Higher throughput: Parallel request processing
Lower latency: Reduced connection overhead
Better reliability: Automatic failover between connections
Smart routing: Load-balanced request distribution

┌─────────────────────────────────────────────────────────────┐
│                        AgentPool                            │
│                                                             │
│  ┌─────────────────┐  ┌─────────────────┐                  │
│  │   Agent: waf    │  │  Agent: auth    │                  │
│  │                 │  │                 │                  │
│  │  ┌───────────┐  │  │  ┌───────────┐  │                  │
│  │  │ Conn 1    │  │  │  │ Conn 1    │  │                  │
│  │  │ (gRPC)    │  │  │  │ (UDS)     │  │                  │
│  │  ├───────────┤  │  │  ├───────────┤  │                  │
│  │  │ Conn 2    │  │  │  │ Conn 2    │  │                  │
│  │  ├───────────┤  │  │  ├───────────┤  │                  │
│  │  │ Conn 3    │  │  │  │ Conn 3    │  │                  │
│  │  ├───────────┤  │  │  ├───────────┤  │                  │
│  │  │ Conn 4    │  │  │  │ Conn 4    │  │                  │
│  │  └───────────┘  │  │  └───────────┘  │                  │
│  │                 │  │                 │                  │
│  │  Health: OK     │  │  Health: OK     │                  │
│  │  In-flight: 12  │  │  In-flight: 8   │                  │
│  └─────────────────┘  └─────────────────┘                  │
│                                                             │
│  Load Balancer: LeastConnections                           │
│  Circuit Breaker: Enabled                                  │
└─────────────────────────────────────────────────────────────┘

Configuration

Basic Setup

use sentinel_agent_protocol::v2::{AgentPool, AgentPoolConfig, LoadBalanceStrategy};
use std::time::Duration;

let config = AgentPoolConfig {
    connections_per_agent: 4,
    load_balance_strategy: LoadBalanceStrategy::LeastConnections,
    request_timeout: Duration::from_secs(30),
    connect_timeout: Duration::from_secs(5),
    health_check_interval: Duration::from_secs(10),
    circuit_breaker_threshold: 5,
    circuit_breaker_reset_timeout: Duration::from_secs(30),
};

let pool = AgentPool::with_config(config);

Configuration Options

Option	Default	Description
`connections_per_agent`	4	Number of connections maintained per agent
`load_balance_strategy`	LeastConnections	How requests are distributed
`request_timeout`	30s	Timeout for individual requests
`connect_timeout`	5s	Timeout for establishing connections
`health_check_interval`	10s	Interval between health checks
`circuit_breaker_threshold`	5	Failures before opening circuit
`circuit_breaker_reset_timeout`	30s	Time before circuit resets

Load Balancing Strategies

RoundRobin

Distributes requests evenly across all connections in rotation.

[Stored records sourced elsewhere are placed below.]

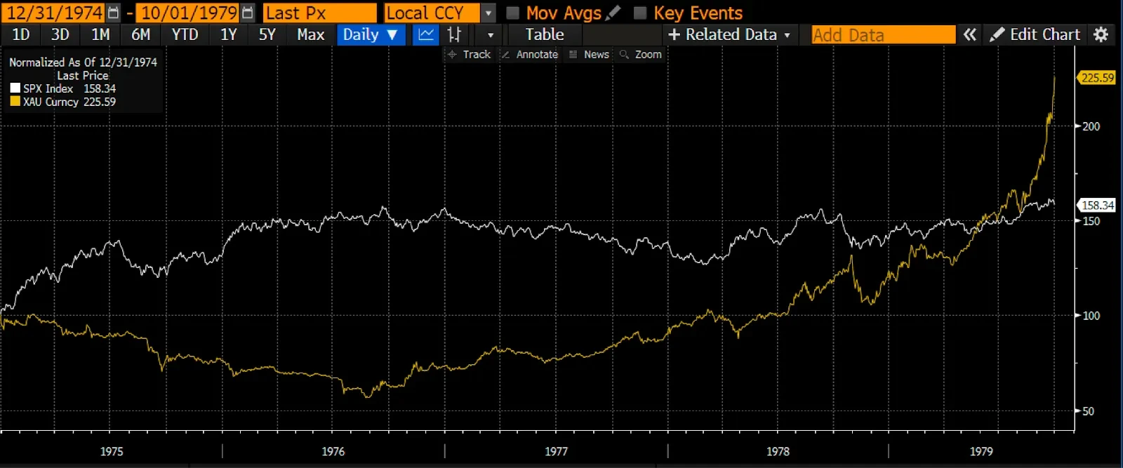 标准普尔 500 指数(白色)与黄金(黄金色),以 1974 年 12 月 31 日至 1979 年 10 月 1 日为基准,指数值为 100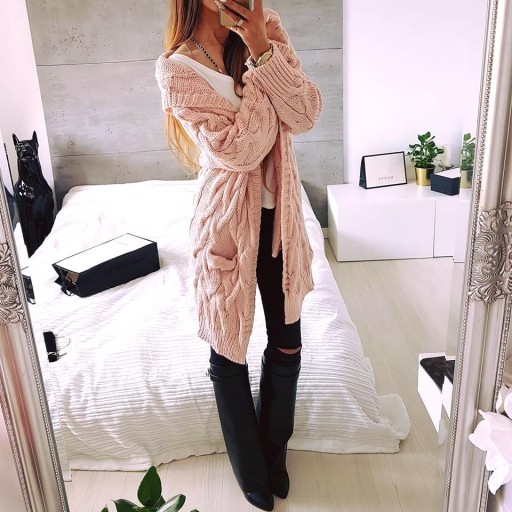 Świetnie wygląda w zestawieniu z jeansami lub legginsami, może zastąpić marynarkę.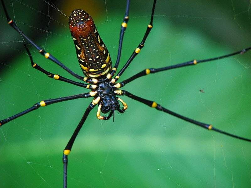 Еще один гигант размером с ладонь. Яд у него, к счастью, работает только на насекомых. Его паутина сравнится с инженерным шедевром: эластичная, как резинка, и прочнее стальной проволоки. Только вот плетет ее этот архитектор обычно прямо над пешеходными тропинками. Так что, смотрите внимательно, чтобы не попасть лицом в такую сеть.

let config = AgentPoolConfig {
    load_balance_strategy: LoadBalanceStrategy::RoundRobin,
    ..Default::default()
};

Behavior:

Request 1 → Connection 1
Request 2 → Connection 2
Request 3 → Connection 3
Request 4 → Connection 4
Request 5 → Connection 1  (wraps around)

Best for: Uniform request processing times, simple distribution.

LeastConnections

Routes to the connection with the fewest in-flight requests.

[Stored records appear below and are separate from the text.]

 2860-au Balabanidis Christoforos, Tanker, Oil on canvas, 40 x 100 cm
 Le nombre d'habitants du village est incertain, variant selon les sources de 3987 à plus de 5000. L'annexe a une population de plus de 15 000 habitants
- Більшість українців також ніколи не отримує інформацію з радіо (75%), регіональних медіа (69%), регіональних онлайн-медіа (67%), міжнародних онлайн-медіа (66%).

let config = AgentPoolConfig {
    load_balance_strategy: LoadBalanceStrategy::LeastConnections,
    ..Default::default()
};

Behavior:

Connection 1: 3 in-flight
Connection 2: 1 in-flight  ← Next request goes here
Connection 3: 4 in-flight
Connection 4: 2 in-flight

Best for: Variable request processing times, optimal latency.

HealthBased

Prefers healthier connections based on recent error rates.

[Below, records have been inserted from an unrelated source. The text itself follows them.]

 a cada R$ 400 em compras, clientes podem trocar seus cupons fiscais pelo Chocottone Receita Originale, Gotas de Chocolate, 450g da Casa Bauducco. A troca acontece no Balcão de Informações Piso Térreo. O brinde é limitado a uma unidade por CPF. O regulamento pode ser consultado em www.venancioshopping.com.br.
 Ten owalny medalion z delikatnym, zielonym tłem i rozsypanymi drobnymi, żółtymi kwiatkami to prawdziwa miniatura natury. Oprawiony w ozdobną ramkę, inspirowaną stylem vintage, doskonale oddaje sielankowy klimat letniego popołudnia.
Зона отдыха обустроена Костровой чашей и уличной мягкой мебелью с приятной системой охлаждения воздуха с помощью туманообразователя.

let config = AgentPoolConfig {
    load_balance_strategy: LoadBalanceStrategy::HealthBased,
    ..Default::default()
};

Behavior:

Connection 1: Health 100%, Weight 1.0
Connection 2: Health 95%,  Weight 0.95
Connection 3: Health 80%,  Weight 0.80  (recent errors)
Connection 4: Health 100%, Weight 1.0

Weighted random selection favors healthy connections

Best for: Unreliable networks, degraded agent instances.

Random

Random selection for simple distribution.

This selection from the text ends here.